What you should do
Begin at the line that contains "Calista Musa is" and reproduce it along with every line after it to the end of the listing; skip any pictures.

The data
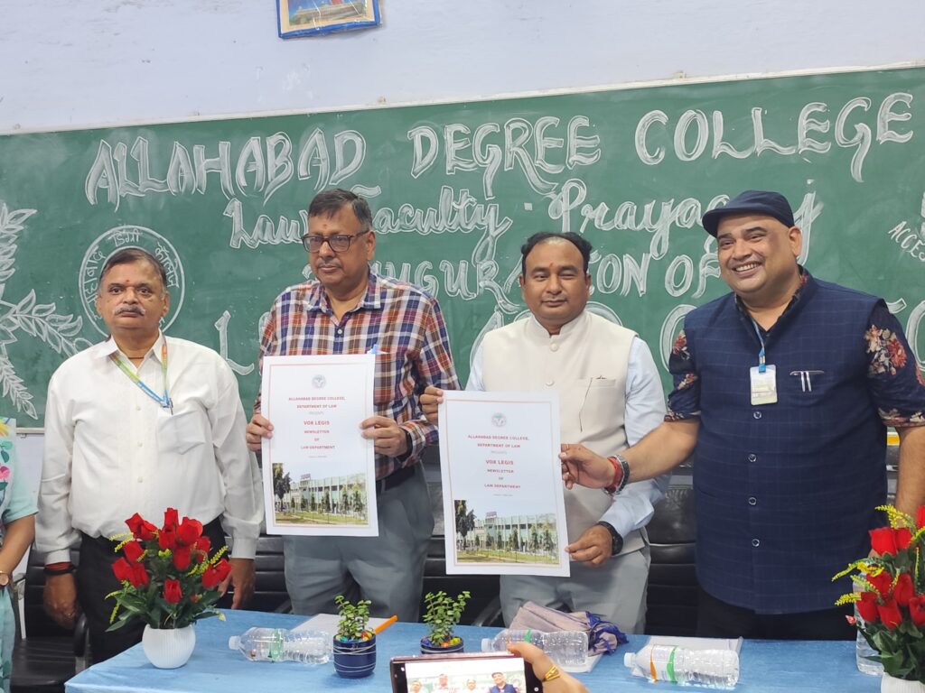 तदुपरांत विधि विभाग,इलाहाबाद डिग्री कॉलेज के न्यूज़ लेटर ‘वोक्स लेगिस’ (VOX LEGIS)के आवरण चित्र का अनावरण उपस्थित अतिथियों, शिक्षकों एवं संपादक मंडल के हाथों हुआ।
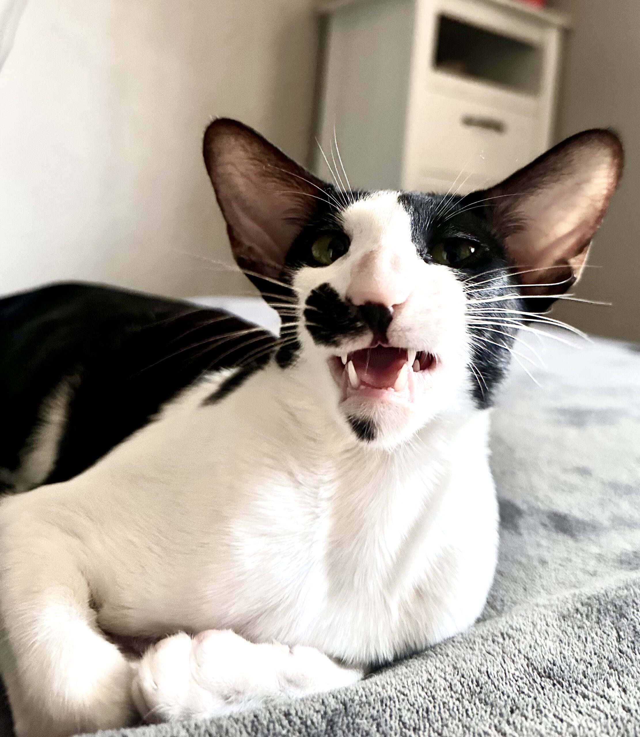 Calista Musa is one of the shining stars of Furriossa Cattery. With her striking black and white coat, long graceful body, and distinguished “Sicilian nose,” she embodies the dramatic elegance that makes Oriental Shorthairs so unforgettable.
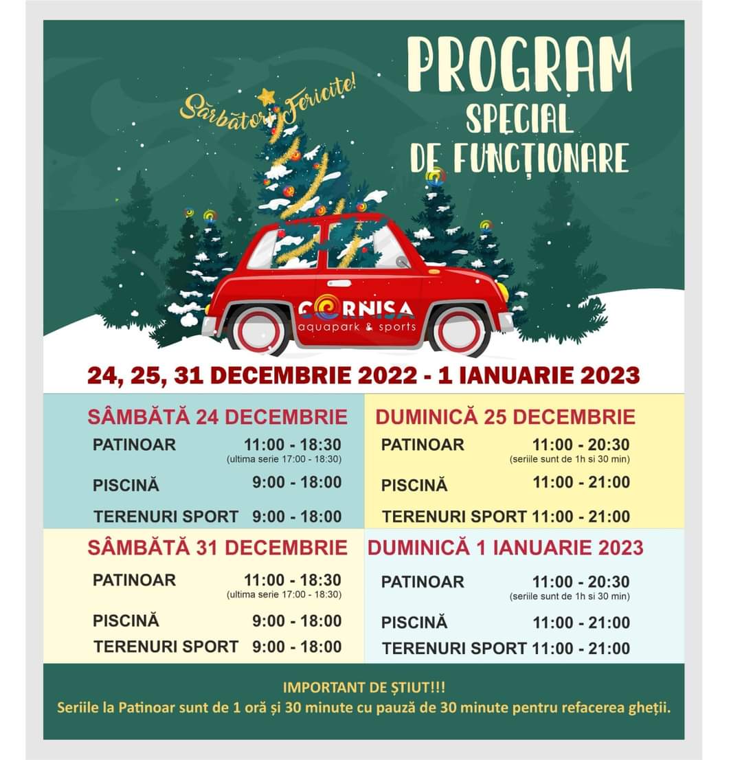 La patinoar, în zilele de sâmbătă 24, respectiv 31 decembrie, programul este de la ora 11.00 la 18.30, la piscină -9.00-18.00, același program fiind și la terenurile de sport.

Solved problem
 Calista Musa is one of the shining stars of Furriossa Cattery. With her striking black and white coat, long graceful body, and distinguished “Sicilian nose,” she embodies the dramatic elegance that makes Oriental Shorthairs so unforgettable.
 La patinoar, în zilele de sâmbătă 24, respectiv 31 decembrie, programul este de la ora 11.00 la 18.30, la piscină -9.00-18.00, același program fiind și la terenurile de sport.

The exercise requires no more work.